▶ Description of the task:
Wherever a picture appears in the listing, leave it out, and copy the rest exactly.

▶ Dataset content:
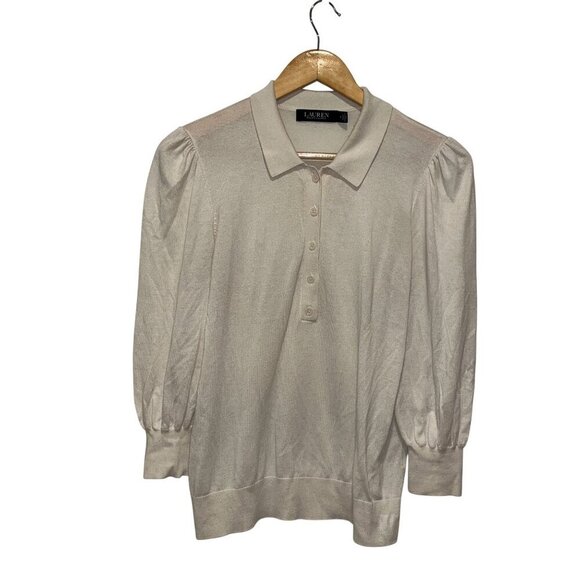 Lauren Ralph Lauren Cream Puff Sleeve Collared Knit Sweater Medium Womens
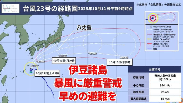 なお、スポーツの日の13日(月・祝)にかけては伊豆諸島付近を台風23号がかなり接近し、先日大きな被害が発生した台風22号と同じようなコースをとなりそうです。伊豆諸島では再び走行中のトラックが横転するおそれのある猛烈な風が吹くと予想され、局地的に激しい雨が降り、普段よりも災害の発生するリスクが高まっています。明日の明るい時間のうちに、安全な場所に避難してください。
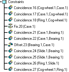 Open the jigsaw_with_constraints.CATProduct document. The constraints are visible both in the geometry area and in the specification tree. |
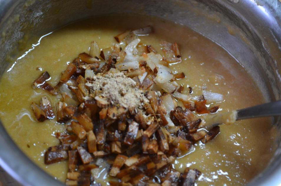 - Then add the roasted coconut pieces, the ginger and cardamom powders and mix them well
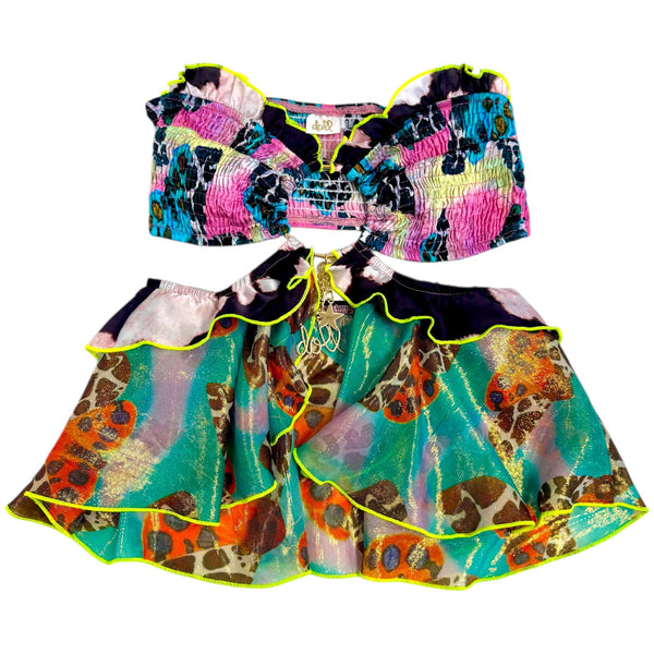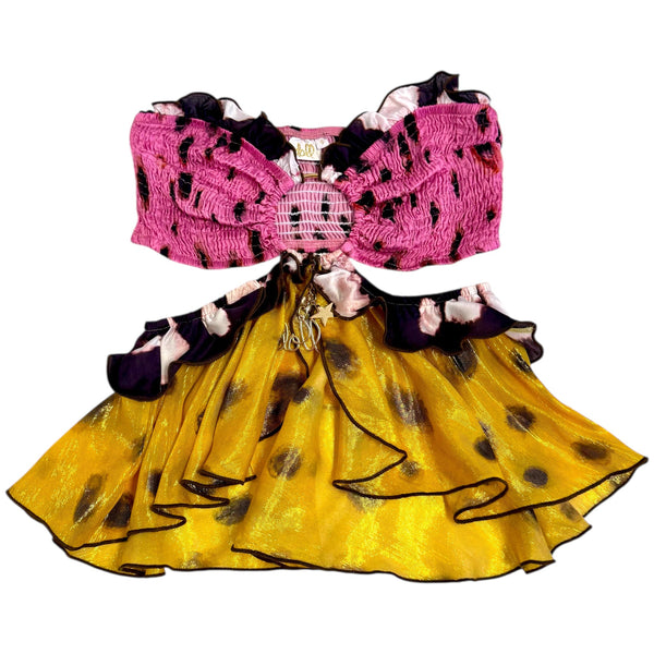 Boob-tube top with Doll charm jewellery attached to centre-front ring, and double tiered 'skirt' detail attached centre-front ring (only).
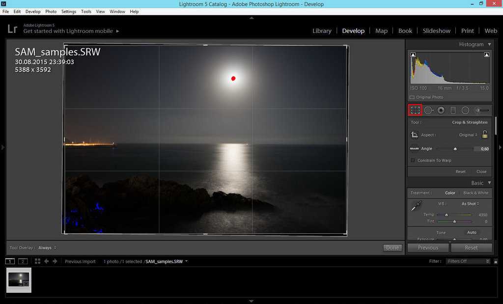 Рекомендованное специалистами съемки, не всегда удается поймать навскидку во время фотоохоты. Животные или дети чаще всего не ждут, пока фотомастер наведет на них объектив, да и пейзажи имеют склонность заваливаться набок в видоискателе, а нежелательные граждане лезут в кадр со странными жестами и мимикой. Отсечь все лишнее помогает функция кадрирования в Лайтрум, вызываемая кнопкой R.
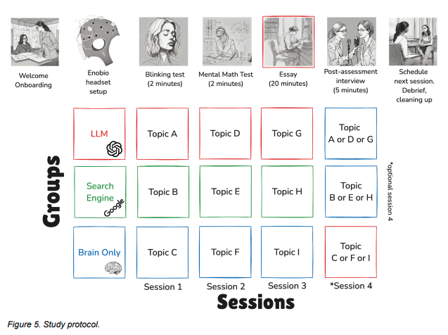 根据论文,MIT 媒体实验室研究人员招募了 54 名年龄在 18 至 39 岁之间的波士顿地区受试者,将他们分为三组:
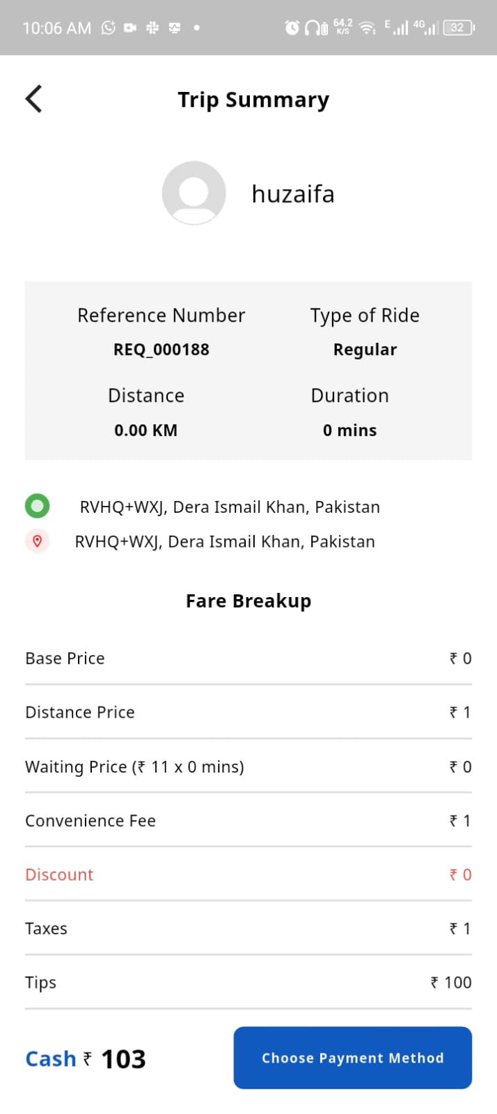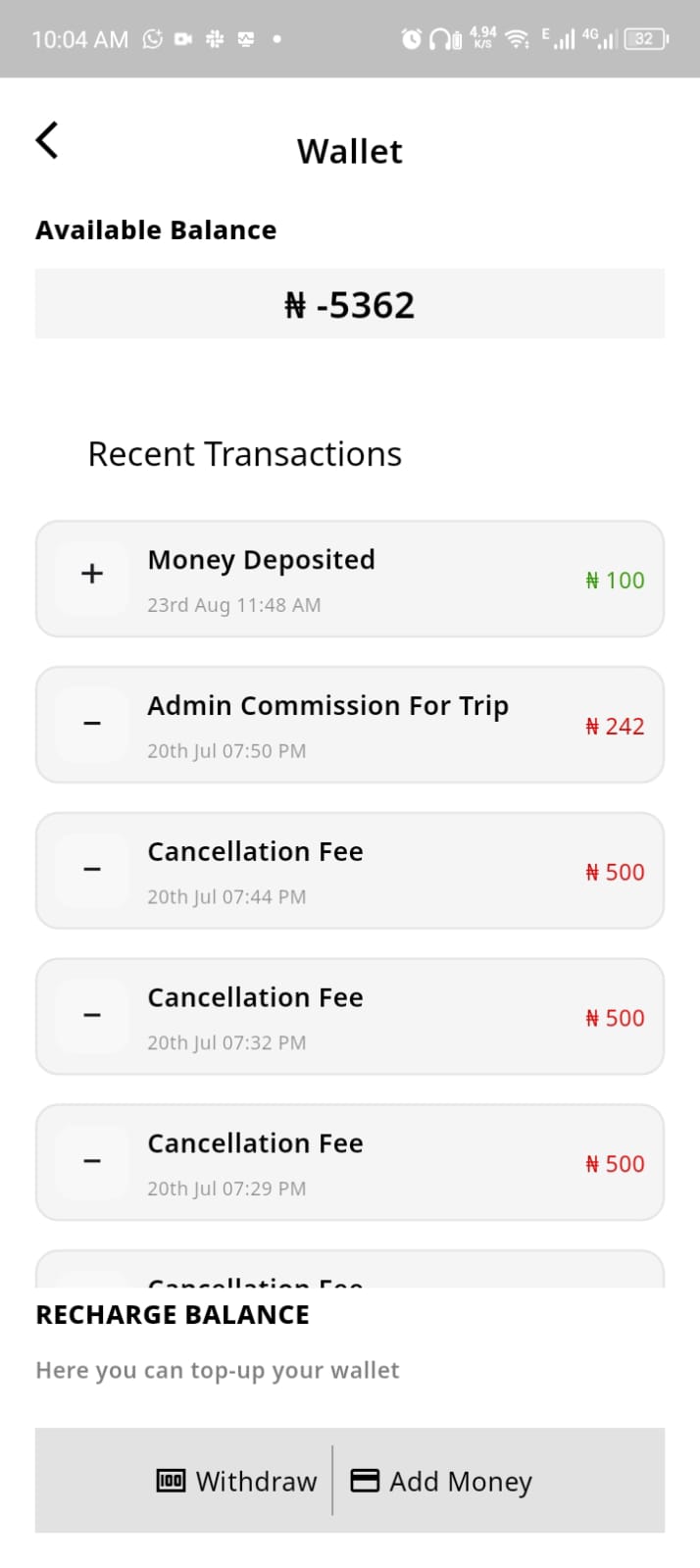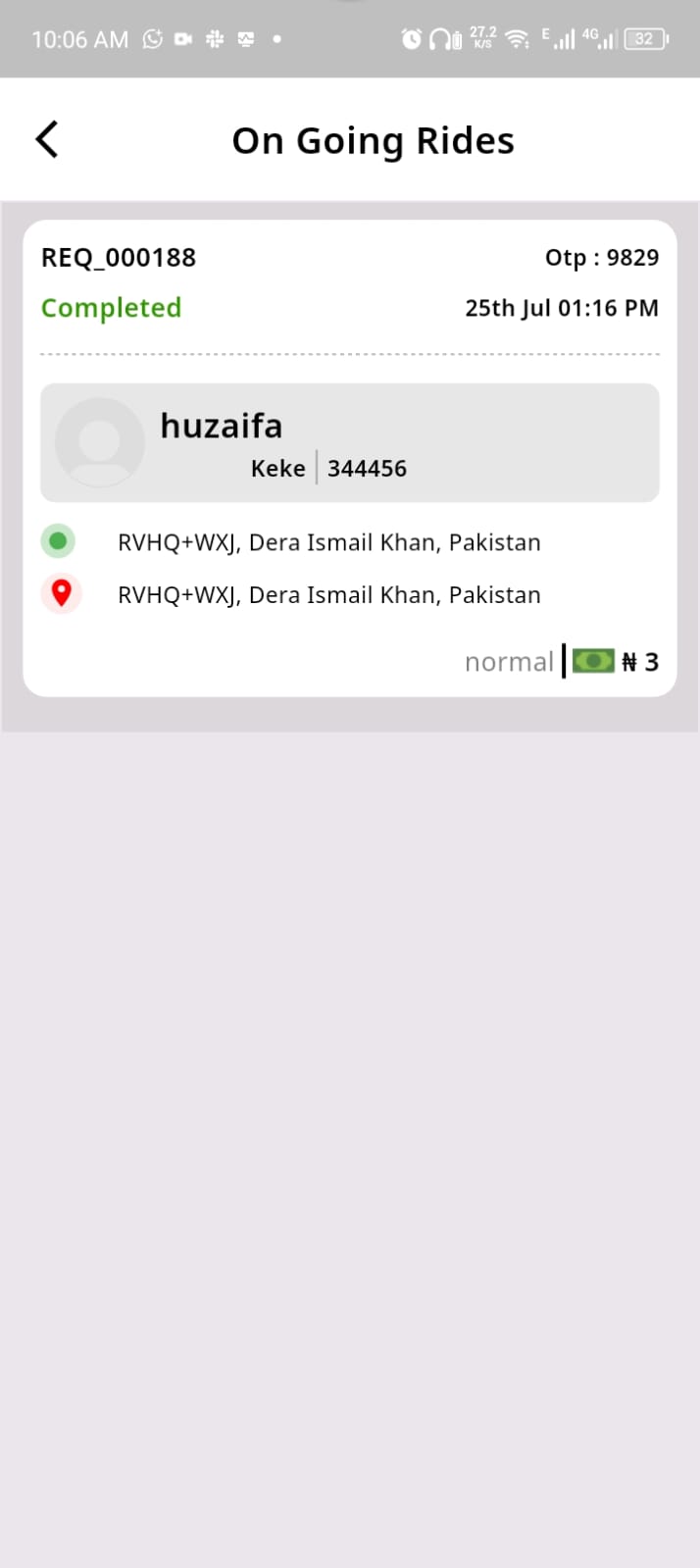 Status Updates: Live notifications for driver arrival, trip start, and trip completion.
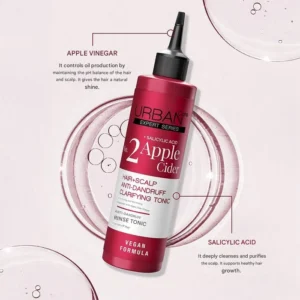 - ضد شوره پیشرفته – کاهش پوستههای ناشی از شوره و جلوگیری از بازگشت آن با ترکیب سرکه سیب و سالیسیلیک اسید.
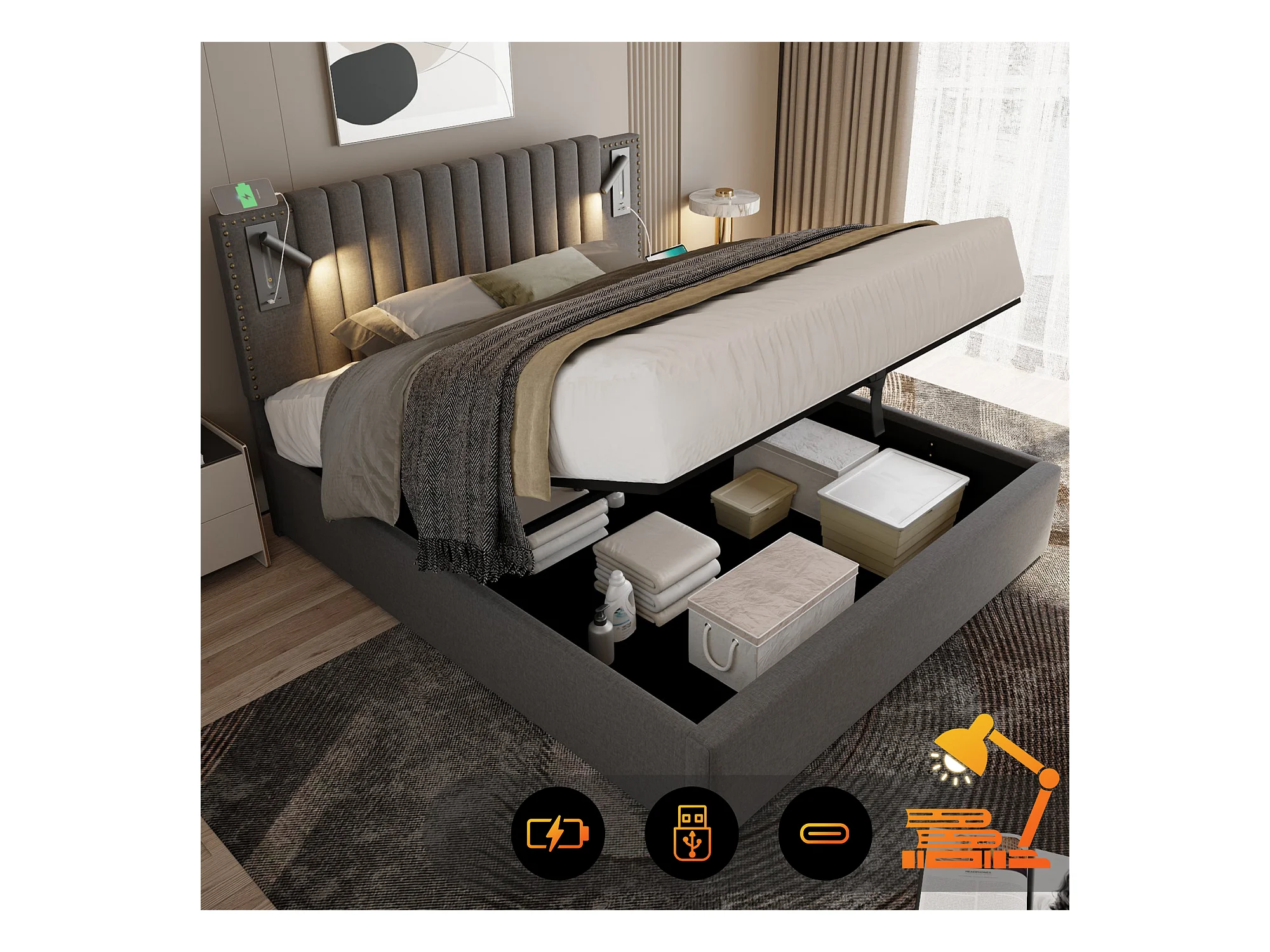 Lit coffre 160x200cm en tissu de cotton - avec lampes de lecture et Ports de charge USB - avec sommier à lattes - Gris

▶ Result for this task:
 Lauren Ralph Lauren Cream Puff Sleeve Collared Knit Sweater Medium Womens
 なお、スポーツの日の13日(月・祝)にかけては伊豆諸島付近を台風23号がかなり接近し、先日大きな被害が発生した台風22号と同じようなコースをとなりそうです。伊豆諸島では再び走行中のトラックが横転するおそれのある猛烈な風が吹くと予想され、局地的に激しい雨が降り、普段よりも災害の発生するリスクが高まっています。明日の明るい時間のうちに、安全な場所に避難してください。
 Open the jigsaw_with_constraints.CATProduct document. The constraints are visible both in the geometry area and in the specification tree. |
 - Then add the roasted coconut pieces, the ginger and cardamom powders and mix them well
 Boob-tube top with Doll charm jewellery attached to centre-front ring, and double tiered 'skirt' detail attached centre-front ring (only).
 Рекомендованное специалистами съемки, не всегда удается поймать навскидку во время фотоохоты. Животные или дети чаще всего не ждут, пока фотомастер наведет на них объектив, да и пейзажи имеют склонность заваливаться набок в видоискателе, а нежелательные граждане лезут в кадр со странными жестами и мимикой. Отсечь все лишнее помогает функция кадрирования в Лайтрум, вызываемая кнопкой R.
 根据论文,MIT 媒体实验室研究人员招募了 54 名年龄在 18 至 39 岁之间的波士顿地区受试者,将他们分为三组:
 Status Updates: Live notifications for driver arrival, trip start, and trip completion.
 - ضد شوره پیشرفته – کاهش پوستههای ناشی از شوره و جلوگیری از بازگشت آن با ترکیب سرکه سیب و سالیسیلیک اسید.
 Lit coffre 160x200cm en tissu de cotton - avec lampes de lecture et Ports de charge USB - avec sommier à lattes - Gris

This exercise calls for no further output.